Excerpted records ->
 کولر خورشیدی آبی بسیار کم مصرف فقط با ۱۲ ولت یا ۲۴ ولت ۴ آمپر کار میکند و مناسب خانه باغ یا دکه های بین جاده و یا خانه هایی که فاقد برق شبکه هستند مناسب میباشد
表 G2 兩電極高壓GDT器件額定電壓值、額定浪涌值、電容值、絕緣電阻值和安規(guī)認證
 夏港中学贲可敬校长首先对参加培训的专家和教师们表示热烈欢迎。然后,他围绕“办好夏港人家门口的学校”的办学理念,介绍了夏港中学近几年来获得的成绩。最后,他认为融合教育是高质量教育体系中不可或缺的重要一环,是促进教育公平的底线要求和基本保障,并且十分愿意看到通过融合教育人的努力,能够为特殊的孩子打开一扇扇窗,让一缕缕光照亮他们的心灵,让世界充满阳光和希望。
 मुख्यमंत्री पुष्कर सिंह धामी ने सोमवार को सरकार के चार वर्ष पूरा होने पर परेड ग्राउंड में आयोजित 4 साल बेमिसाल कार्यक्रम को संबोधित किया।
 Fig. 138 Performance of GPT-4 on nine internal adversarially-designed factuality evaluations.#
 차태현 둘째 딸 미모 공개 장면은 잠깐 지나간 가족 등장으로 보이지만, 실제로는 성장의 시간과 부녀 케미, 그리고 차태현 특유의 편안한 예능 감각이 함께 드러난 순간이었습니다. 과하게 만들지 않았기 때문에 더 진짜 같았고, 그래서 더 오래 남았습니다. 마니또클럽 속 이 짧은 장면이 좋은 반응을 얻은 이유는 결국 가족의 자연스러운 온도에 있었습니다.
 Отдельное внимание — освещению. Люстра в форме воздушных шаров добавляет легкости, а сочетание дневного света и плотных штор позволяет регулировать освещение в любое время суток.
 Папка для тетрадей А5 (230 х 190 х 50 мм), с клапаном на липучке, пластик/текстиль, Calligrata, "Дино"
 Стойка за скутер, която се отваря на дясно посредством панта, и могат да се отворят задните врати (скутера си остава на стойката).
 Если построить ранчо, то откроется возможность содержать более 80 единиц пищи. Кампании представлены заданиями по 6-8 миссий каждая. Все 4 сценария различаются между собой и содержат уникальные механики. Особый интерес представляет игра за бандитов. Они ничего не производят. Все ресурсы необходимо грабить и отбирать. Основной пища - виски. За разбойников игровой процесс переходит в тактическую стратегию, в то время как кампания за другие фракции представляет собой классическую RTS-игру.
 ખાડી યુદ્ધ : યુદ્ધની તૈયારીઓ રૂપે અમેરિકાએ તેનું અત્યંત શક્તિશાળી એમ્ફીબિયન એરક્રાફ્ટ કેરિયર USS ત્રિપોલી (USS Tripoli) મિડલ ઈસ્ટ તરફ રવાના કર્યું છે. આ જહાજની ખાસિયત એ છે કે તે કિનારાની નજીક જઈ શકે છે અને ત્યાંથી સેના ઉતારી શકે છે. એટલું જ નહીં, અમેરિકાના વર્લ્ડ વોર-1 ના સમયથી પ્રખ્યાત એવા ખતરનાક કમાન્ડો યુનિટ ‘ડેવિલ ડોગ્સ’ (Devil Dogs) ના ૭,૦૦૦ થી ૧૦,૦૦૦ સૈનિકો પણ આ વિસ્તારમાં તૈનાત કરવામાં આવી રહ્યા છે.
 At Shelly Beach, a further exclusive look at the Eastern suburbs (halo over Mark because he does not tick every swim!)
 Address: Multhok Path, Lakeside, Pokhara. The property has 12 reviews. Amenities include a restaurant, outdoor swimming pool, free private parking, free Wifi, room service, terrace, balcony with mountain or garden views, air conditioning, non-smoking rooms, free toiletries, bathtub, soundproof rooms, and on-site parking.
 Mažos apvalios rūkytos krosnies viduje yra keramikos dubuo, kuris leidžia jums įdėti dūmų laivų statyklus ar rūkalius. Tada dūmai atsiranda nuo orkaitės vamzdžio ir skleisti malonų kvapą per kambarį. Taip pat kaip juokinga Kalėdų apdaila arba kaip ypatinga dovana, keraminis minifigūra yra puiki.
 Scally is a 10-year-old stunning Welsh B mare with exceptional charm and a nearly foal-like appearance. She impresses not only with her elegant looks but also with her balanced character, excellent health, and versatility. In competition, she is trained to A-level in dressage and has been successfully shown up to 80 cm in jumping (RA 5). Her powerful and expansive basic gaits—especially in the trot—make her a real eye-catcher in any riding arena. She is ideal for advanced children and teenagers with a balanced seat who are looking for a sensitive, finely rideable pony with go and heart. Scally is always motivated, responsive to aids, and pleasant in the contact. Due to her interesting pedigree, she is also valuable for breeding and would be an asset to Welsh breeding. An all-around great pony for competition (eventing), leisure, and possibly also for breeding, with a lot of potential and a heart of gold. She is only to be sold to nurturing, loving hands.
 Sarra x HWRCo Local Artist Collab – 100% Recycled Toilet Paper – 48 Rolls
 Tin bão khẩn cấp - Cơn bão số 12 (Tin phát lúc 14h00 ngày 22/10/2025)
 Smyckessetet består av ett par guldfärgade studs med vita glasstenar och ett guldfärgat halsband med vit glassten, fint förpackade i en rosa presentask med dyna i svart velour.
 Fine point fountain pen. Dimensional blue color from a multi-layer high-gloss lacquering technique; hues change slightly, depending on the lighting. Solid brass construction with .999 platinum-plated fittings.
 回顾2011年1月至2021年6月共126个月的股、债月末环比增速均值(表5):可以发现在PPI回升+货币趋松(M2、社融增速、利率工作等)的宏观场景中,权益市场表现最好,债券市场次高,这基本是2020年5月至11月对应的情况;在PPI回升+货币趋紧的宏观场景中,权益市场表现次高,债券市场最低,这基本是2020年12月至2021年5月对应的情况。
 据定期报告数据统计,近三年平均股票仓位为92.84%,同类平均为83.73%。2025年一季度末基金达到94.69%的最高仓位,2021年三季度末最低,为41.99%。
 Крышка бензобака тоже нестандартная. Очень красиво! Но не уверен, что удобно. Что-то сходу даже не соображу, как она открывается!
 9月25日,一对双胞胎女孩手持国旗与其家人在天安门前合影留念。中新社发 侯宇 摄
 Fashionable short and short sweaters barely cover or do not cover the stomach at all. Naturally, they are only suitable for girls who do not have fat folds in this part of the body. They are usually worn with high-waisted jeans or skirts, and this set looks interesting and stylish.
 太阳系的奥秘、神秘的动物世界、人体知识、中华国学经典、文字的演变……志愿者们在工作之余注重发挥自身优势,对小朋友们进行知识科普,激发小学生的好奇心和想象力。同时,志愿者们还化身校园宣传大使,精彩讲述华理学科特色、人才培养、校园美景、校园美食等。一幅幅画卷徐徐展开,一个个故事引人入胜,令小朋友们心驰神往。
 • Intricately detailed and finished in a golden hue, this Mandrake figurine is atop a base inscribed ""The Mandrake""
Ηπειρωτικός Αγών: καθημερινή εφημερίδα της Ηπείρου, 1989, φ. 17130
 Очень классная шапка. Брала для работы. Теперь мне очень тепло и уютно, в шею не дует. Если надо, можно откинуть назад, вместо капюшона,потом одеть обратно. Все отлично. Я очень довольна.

Required work ->
Show every line from the listing above in which the string "Очень" appears.

Solution to this problem ->
 Крышка бензобака тоже нестандартная. Очень красиво! Но не уверен, что удобно. Что-то сходу даже не соображу, как она открывается!
 Очень классная шапка. Брала для работы. Теперь мне очень тепло и уютно, в шею не дует. Если надо, можно откинуть назад, вместо капюшона,потом одеть обратно. Все отлично. Я очень довольна.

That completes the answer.